START TASK DATA

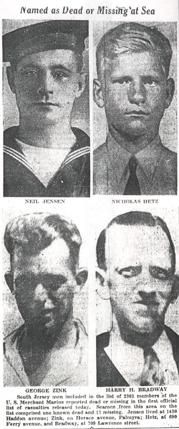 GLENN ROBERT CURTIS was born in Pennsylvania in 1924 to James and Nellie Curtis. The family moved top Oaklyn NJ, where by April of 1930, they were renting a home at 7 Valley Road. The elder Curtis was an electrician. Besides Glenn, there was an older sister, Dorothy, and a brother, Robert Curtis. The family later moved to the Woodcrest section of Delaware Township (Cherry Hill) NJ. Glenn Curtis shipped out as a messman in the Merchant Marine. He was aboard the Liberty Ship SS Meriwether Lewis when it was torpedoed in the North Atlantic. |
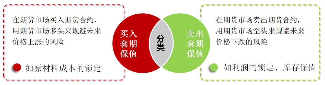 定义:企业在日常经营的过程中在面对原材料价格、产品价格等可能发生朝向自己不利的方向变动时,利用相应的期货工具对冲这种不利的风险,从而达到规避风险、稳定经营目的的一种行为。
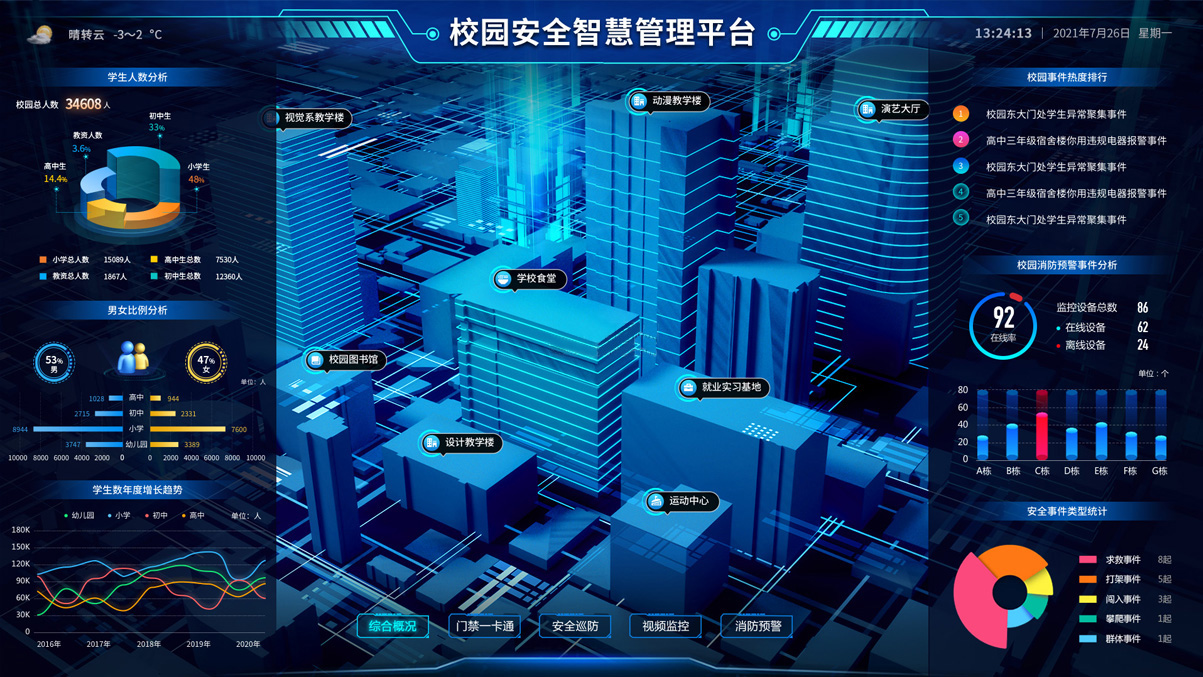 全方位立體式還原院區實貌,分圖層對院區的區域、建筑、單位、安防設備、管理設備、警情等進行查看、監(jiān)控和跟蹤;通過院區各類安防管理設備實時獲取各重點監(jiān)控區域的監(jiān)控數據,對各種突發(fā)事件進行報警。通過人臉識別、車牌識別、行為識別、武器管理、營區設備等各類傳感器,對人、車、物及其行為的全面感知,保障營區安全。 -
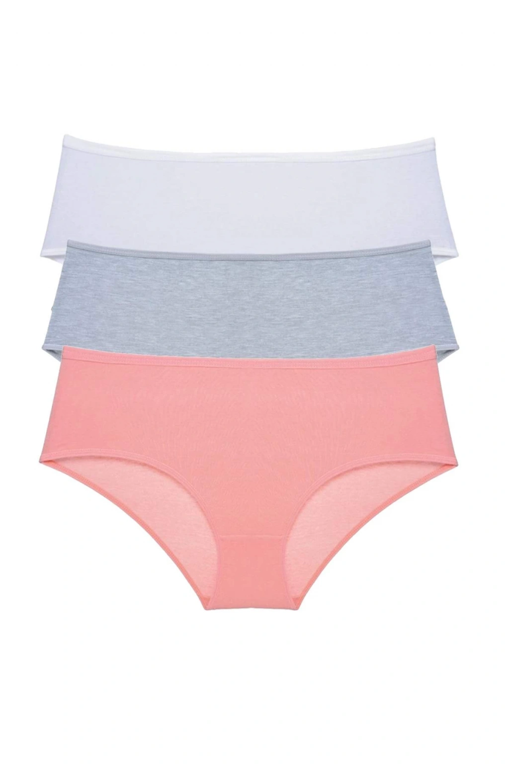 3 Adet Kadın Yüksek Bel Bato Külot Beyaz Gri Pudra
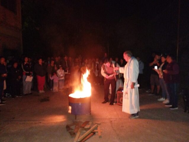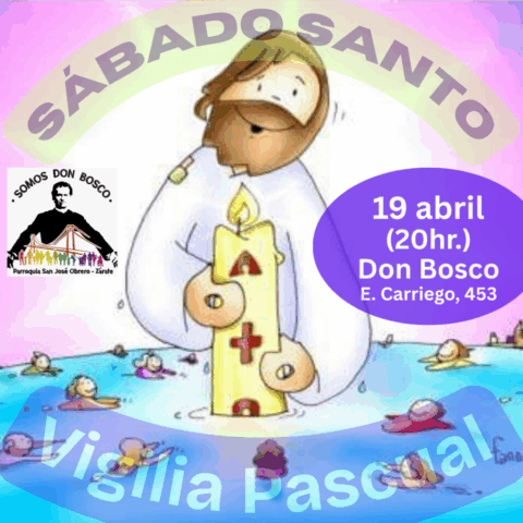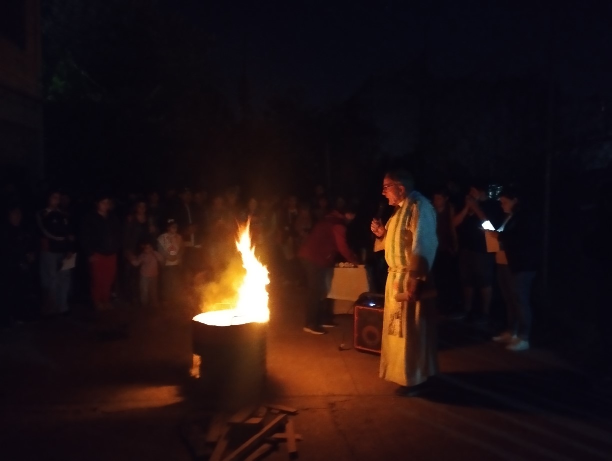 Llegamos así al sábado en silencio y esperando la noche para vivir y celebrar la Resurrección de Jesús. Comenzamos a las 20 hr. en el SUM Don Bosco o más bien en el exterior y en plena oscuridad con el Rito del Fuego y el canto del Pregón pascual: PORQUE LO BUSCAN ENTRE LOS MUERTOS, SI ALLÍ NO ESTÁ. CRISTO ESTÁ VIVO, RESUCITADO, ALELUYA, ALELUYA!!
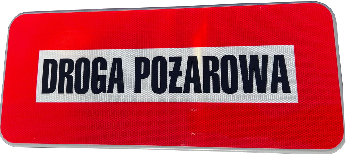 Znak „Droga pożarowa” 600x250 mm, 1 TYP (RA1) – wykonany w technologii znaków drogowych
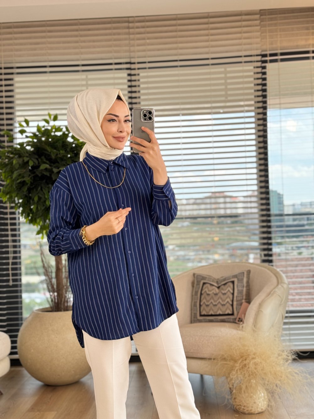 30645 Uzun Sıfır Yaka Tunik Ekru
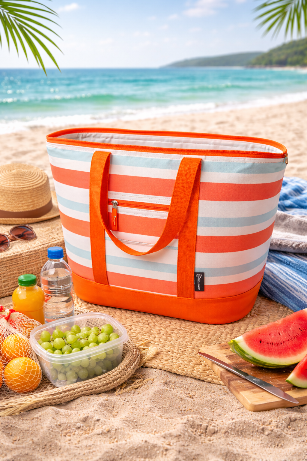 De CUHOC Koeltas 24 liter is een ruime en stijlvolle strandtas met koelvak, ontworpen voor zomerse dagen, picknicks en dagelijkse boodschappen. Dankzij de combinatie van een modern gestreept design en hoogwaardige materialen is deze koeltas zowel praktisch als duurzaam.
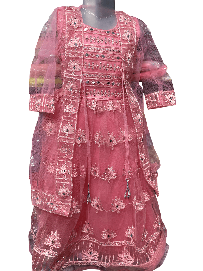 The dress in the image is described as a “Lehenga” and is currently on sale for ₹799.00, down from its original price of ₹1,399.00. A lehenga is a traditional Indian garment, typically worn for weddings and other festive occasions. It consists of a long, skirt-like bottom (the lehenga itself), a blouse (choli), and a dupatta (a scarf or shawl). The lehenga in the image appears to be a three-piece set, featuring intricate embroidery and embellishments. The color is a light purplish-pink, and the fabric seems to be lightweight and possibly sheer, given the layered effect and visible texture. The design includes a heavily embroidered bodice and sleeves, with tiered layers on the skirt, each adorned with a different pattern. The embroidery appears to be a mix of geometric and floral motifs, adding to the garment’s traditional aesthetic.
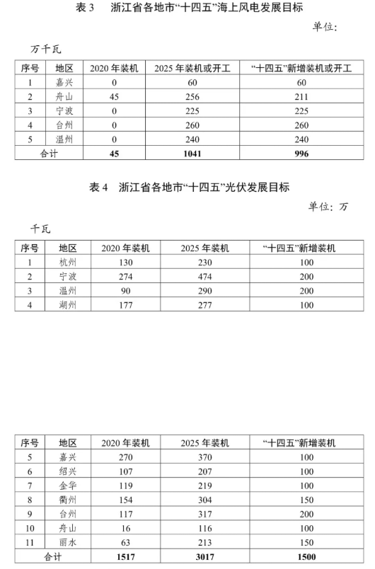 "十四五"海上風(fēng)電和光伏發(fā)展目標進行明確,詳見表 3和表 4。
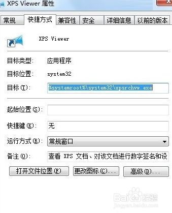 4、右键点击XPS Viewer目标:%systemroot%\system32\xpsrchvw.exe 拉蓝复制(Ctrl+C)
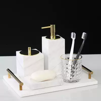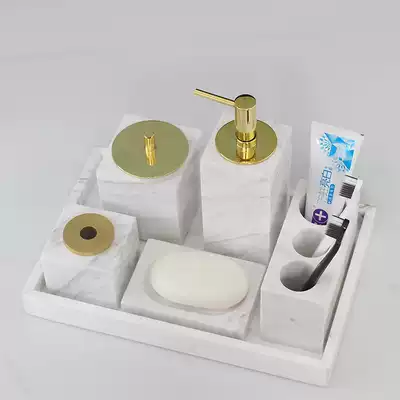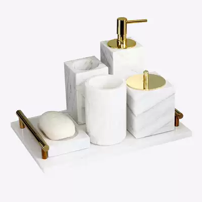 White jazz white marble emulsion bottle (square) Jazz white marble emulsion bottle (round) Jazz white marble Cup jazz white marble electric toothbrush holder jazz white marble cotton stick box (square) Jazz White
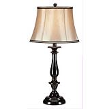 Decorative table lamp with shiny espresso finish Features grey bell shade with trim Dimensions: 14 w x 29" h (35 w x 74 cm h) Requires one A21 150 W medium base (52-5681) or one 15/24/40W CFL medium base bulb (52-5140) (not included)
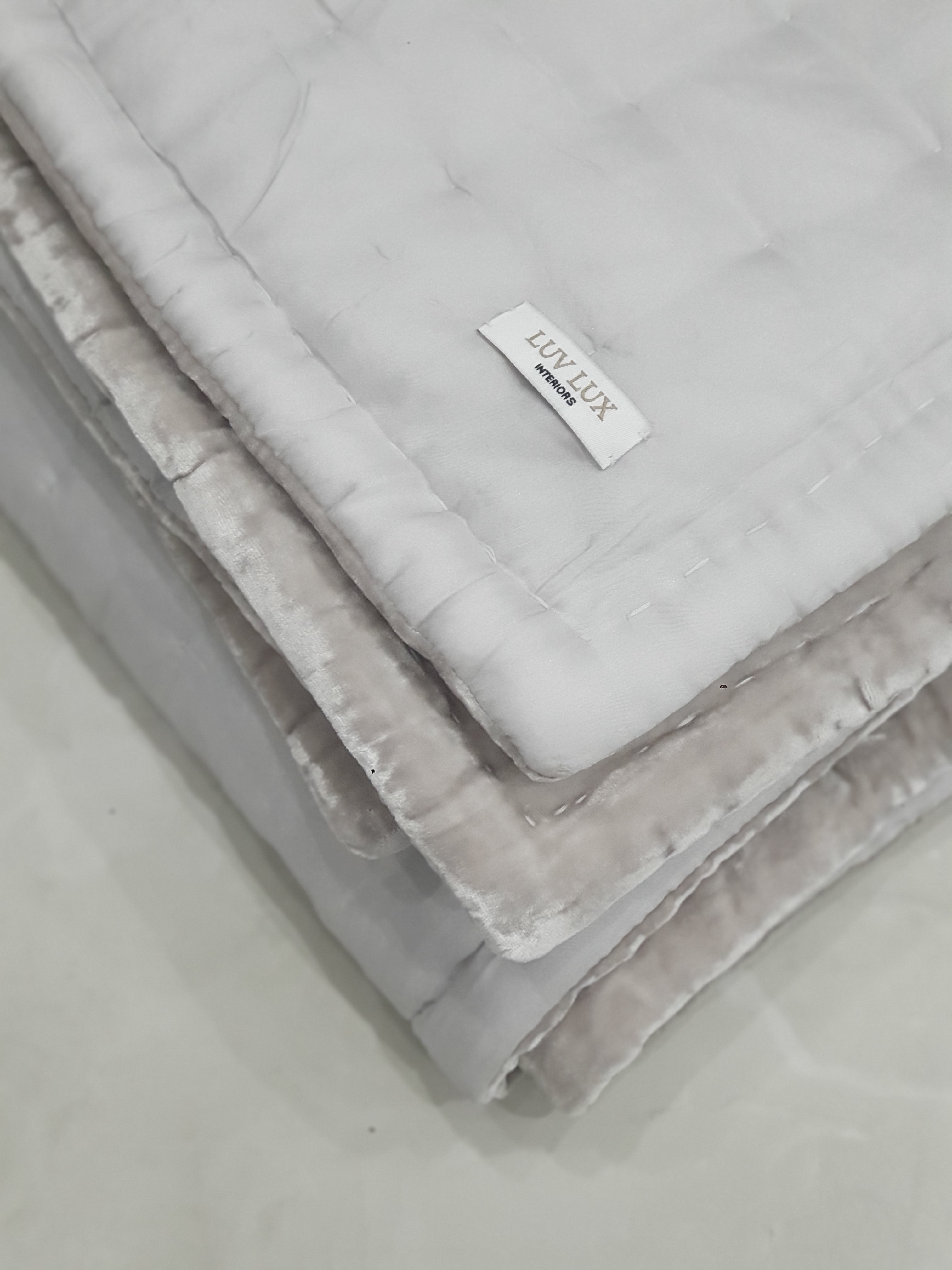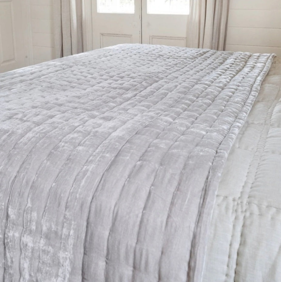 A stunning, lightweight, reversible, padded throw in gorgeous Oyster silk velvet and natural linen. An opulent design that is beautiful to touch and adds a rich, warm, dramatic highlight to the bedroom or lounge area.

END TASK DATA

• [WHAT TO DO]:
Exactly as written, please give again the lines from the beginning of the listing through the line containing "30645 Uzun Sıfır Yaka Tunik Ekru", inclusive, without any pictures.

• [RESPONSE BELOW]:
 GLENN ROBERT CURTIS was born in Pennsylvania in 1924 to James and Nellie Curtis. The family moved top Oaklyn NJ, where by April of 1930, they were renting a home at 7 Valley Road. The elder Curtis was an electrician. Besides Glenn, there was an older sister, Dorothy, and a brother, Robert Curtis. The family later moved to the Woodcrest section of Delaware Township (Cherry Hill) NJ. Glenn Curtis shipped out as a messman in the Merchant Marine. He was aboard the Liberty Ship SS Meriwether Lewis when it was torpedoed in the North Atlantic. |
 定义:企业在日常经营的过程中在面对原材料价格、产品价格等可能发生朝向自己不利的方向变动时,利用相应的期货工具对冲这种不利的风险,从而达到规避风险、稳定经营目的的一种行为。
 全方位立體式還原院區實貌,分圖層對院區的區域、建筑、單位、安防設備、管理設備、警情等進行查看、監(jiān)控和跟蹤;通過院區各類安防管理設備實時獲取各重點監(jiān)控區域的監(jiān)控數據,對各種突發(fā)事件進行報警。通過人臉識別、車牌識別、行為識別、武器管理、營區設備等各類傳感器,對人、車、物及其行為的全面感知,保障營區安全。 -
 3 Adet Kadın Yüksek Bel Bato Külot Beyaz Gri Pudra
 Llegamos así al sábado en silencio y esperando la noche para vivir y celebrar la Resurrección de Jesús. Comenzamos a las 20 hr. en el SUM Don Bosco o más bien en el exterior y en plena oscuridad con el Rito del Fuego y el canto del Pregón pascual: PORQUE LO BUSCAN ENTRE LOS MUERTOS, SI ALLÍ NO ESTÁ. CRISTO ESTÁ VIVO, RESUCITADO, ALELUYA, ALELUYA!!
 Znak „Droga pożarowa” 600x250 mm, 1 TYP (RA1) – wykonany w technologii znaków drogowych
 30645 Uzun Sıfır Yaka Tunik Ekru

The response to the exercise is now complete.